The state planning company, the Nationwide Growth and Reform Fee, didn’t instantly reply to a request for remark.

CRACKDOWNS

20 years in the past, personal businessmen throughout China rushed to reap the benefits of an unprecedented growth in coal demand, constructing 1000’s of small mines. However the security document was poor, with common information objects on state media about deadly accidents.

China began its massive crackdown in 2004, shutting unregulated pits and squeezing personal operators out of the market. The method has continued ever since, with massive components of the sector consolidated into massive, self-contained state-owned “coal manufacturing bases”.

From 2017 to 2019 alone, Pingdingshan closed 158 mines – amounting to just about 40 million tonnes of annual manufacturing capability and decreasing its whole variety of working pits to 273.

Annual manufacturing stood at 27 million tonnes by 2019, down from greater than 30 million tonnes 5 years earlier, and the market was now reliant on a small variety of state suppliers.

As costs rose this yr, Henan’s suppliers did attempt to increase output, however their efforts had been deserted after a sequence of accidents, together with one which killed eight miners in June, prompted authorities to droop manufacturing.

“The provincial authorities did not need the accidents to occur in the course of the (Chinese language Communist Occasion’s hundredth) celebration,” mentioned Yu.

Floods that killed 300 within the provincial capital of Zhengzhou in July additionally took out a whole lot of provide in Pingdingshan and elsewhere. Regardless of increased costs, general manufacturing within the province has really declined yr on yr.

After a century of mining that has polluted water provides and scarred the panorama with subsidence and poisonous gangue, Pingdingshan barely has any extra coal to offer.

“Proper now, solely the large mines are left,” mentioned Guo, the truck driver. “The small mines aren’t producing anymore.”

TO DIG OR NOT TO DIG

Although watched fastidiously by safety guards, the piles of surplus coal saved on the depleted hillsides of Pingdingshan have restricted financial worth. What may be offered can solely be utilized in yard workshops or burned for cooking and heating.

“We promote these items to the brick manufacturing facility,” mentioned Zhang Tieliang, a 76-year previous farmer poking the rocks with a home-made pickaxe. “That is from the mine, which did not need it.”

Close by, excavators had been scooping up piles of rock and pouring them by sieves to be able to separate the smaller, purer chunks of coal.

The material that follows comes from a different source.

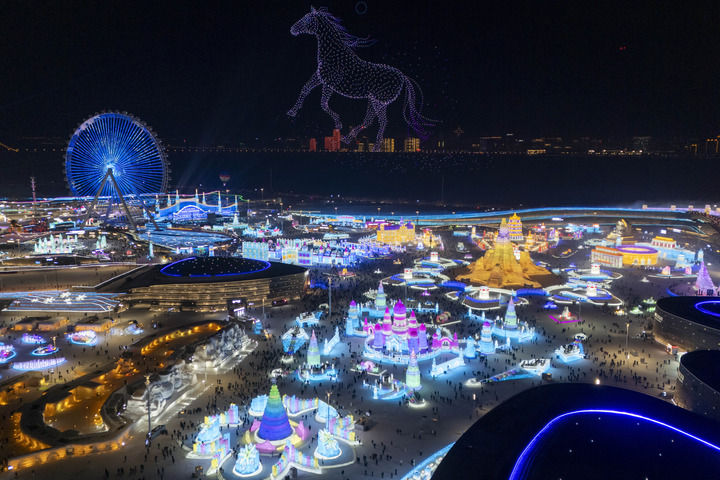 ▲这是2026年1月5日拍摄的哈尔滨冰雪大世界园区的无人机表演(无人机照片)。新华社记者 张涛 摄

A lot of Pingdingshan’s mines are depleted, and although substitute capability remains to be below building, together with an growth mission at Liangbei and a newly commissioned mine within the northern district of Xiadian, neither will likely be prepared in time to reap the benefits of the worth surge.

Again in 2019, authorities researchers had been already debating whether or not manufacturing ought to be expanded and extra coal energy vegetation constructed to be able to alleviate potential shortages over 2021-2025.

However consultants say this yr’s shortages show China must speed up its transition to renewables, and pace up reforms to permit electrical energy customers to modify extra simply to cleaner energy sources and finish their dependence on coal.

“I am puzzled as to why there’s not a campaign-style push to ramp up renewable vitality like we’ve got seen with coal,” mentioned Alex Wang, co-director at UCLA’s Emmett Institute on Local weather Change and the Surroundings.

“Coal reliance makes China weak,” he added. “It is an vitality safety downside.”